Najwyższa Izba Kontroli skontrolowała dziewięć spośród 82 lubuskich gmin oraz 18 przedsiębiorstw wodociągowych pod kątem m.in. zapewnienia zaopatrzenia w wodę przeznaczoną do spożycia.
Jakość wody
Wieloletnie zapóźnienia w rozwoju sieci kanalizacyjnej i wodociągowej na terenie województwa lubuskiego, niedostateczny nadzór nad prawidłowym odprowadzaniem ścieków, a także brak odpowiednich stref ochrony ujęć wody przyczyniały się do powstawania realnych zagrożeń dla mieszkańców. Każde ze skontrolowanych przedsiębiorstw wodociągowych średnio przez ponad miesiąc w okresie objętym kontrolą (2,5 roku) nie zachowało odpowiednich parametrów wody. Najczęściej stwierdzano występowanie w wodzie groźnych bakterii z grupy coli. Tymczasem wszelkie zaniechania w tym obszarze stwarzały zagrożenie dla bezpieczeństwa zasobów wód podziemnych, skąd czerpana jest woda na cele zbiorowego zaopatrzenia mieszkańców w wodę.

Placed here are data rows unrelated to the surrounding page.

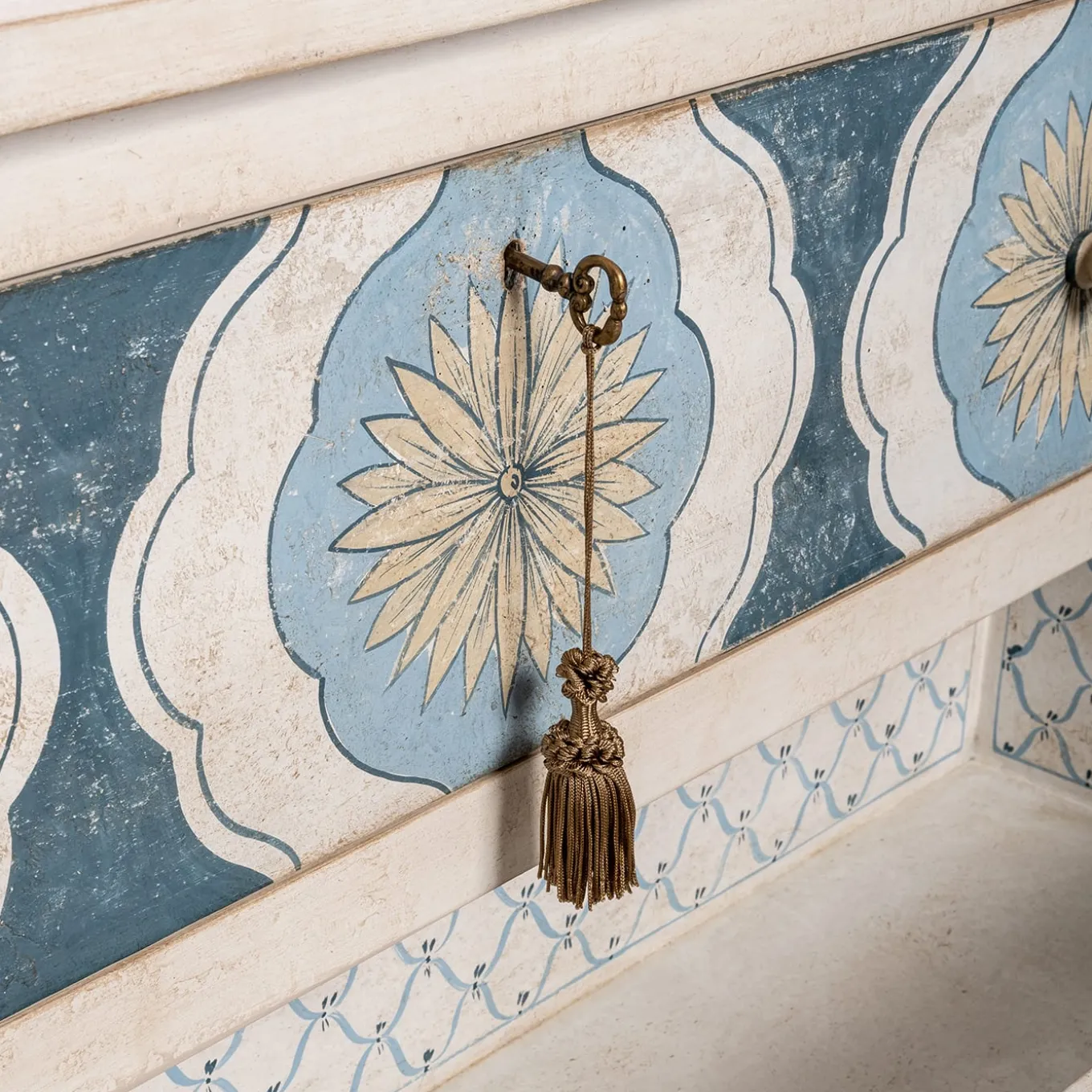 Introducing Barberini Chest with sunflower decor in deep sea blue and parma blue tones. The ribbon decoration inside the drawers adds a delightful touch. Customizable in size and design. Please, ask the Concierge service for further information.
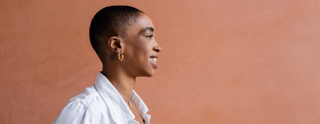 Side view of stylish african american woman standing near wall outdoors, banner
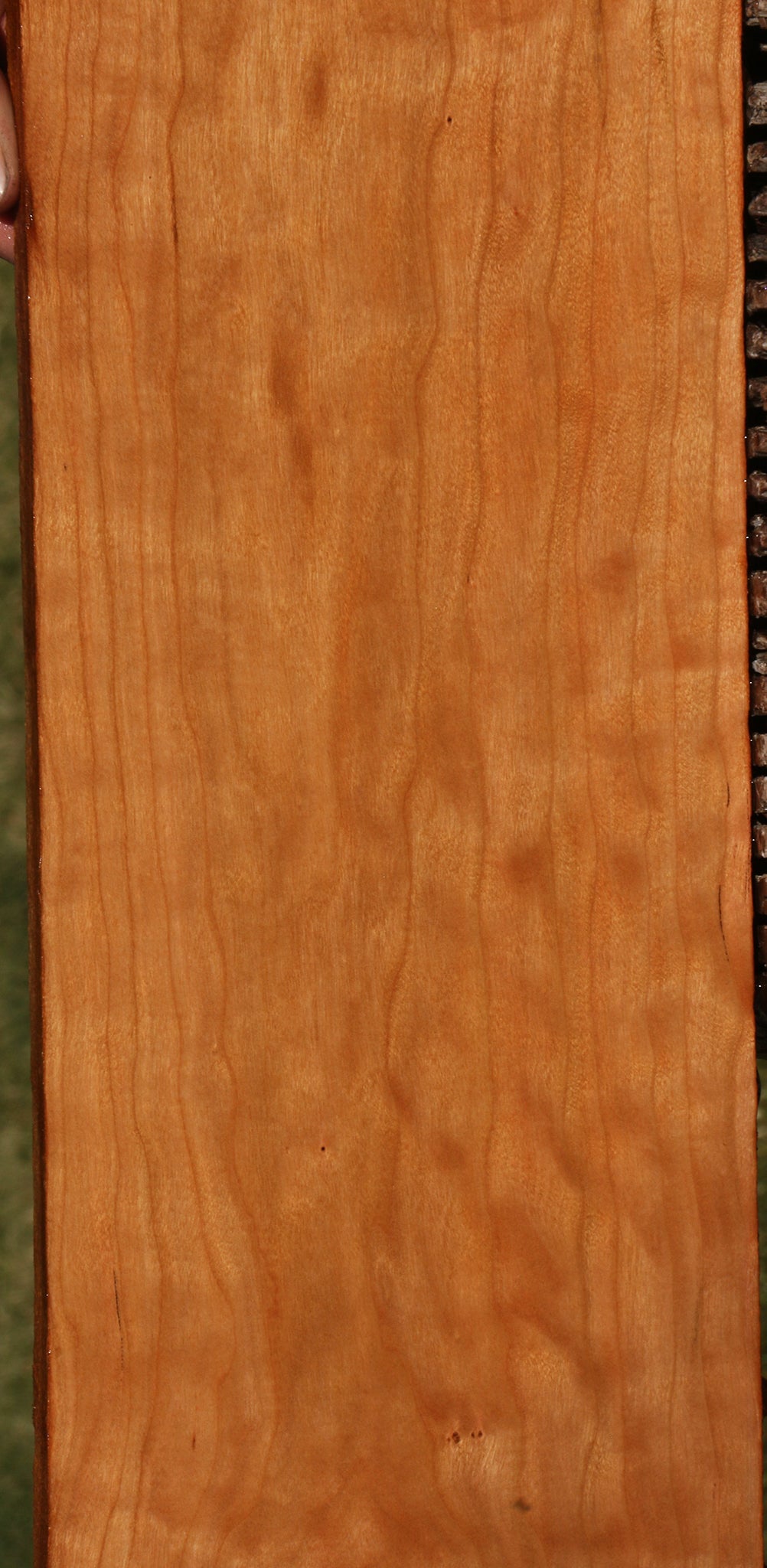 This high quality curly Cherry lumber has been kiln dried and surfaced on two sides. It is nice clean material, making it ideal for your woodworking projects. Lumber over 3 ft. may have a slight 1/16" to 1/8" bow or twist but generally this lumber is flat. There may be gum pockets, a minor check, minor planer skip, or occasional bug holes present on some pieces. Select this wood for outstanding workability and beauty.

Na przykład w gminie Strzelce Krajeńskie w przypadku lokalnego ujęcia wody kilkukrotnie dochodziło do skażenia bakteriami z grupy coli. Ich obecność wynikała z braku skanalizowania miejscowości oraz łamania przez mieszkańców obowiązku wywozu nieczystości płynnych do oczyszczalni ścieków. Kontrola NIK ujawniła, że kilkanaście metrów powyżej ujęcia wody znajduje się betonowa pokrywa bezodpływowego szamba. Użytkownicy tego zbiornika przekazywali do oczyszczalni tylko ok. 17 proc ścieków ze zużywanej wody. Na odbiór pozostałych 83 proc. nieczystości nie posiadali udokumentowania.
Z kolei we wrześniu 2013 r. ponad 14 tys. mieszkańców Drezdenka przez trzy dni było pozbawionych wody, zarówno nadającej się do spożycia, jak i do celów gospodarczych, także ze względu na obecność w niej bakterii grupy coli. Zostało to stwierdzone po wykonaniu prac remontowych jednej ze studni: przeprowadzono po nich co prawda dezynfekcję, jednak nie wykonano później badań jakości wody.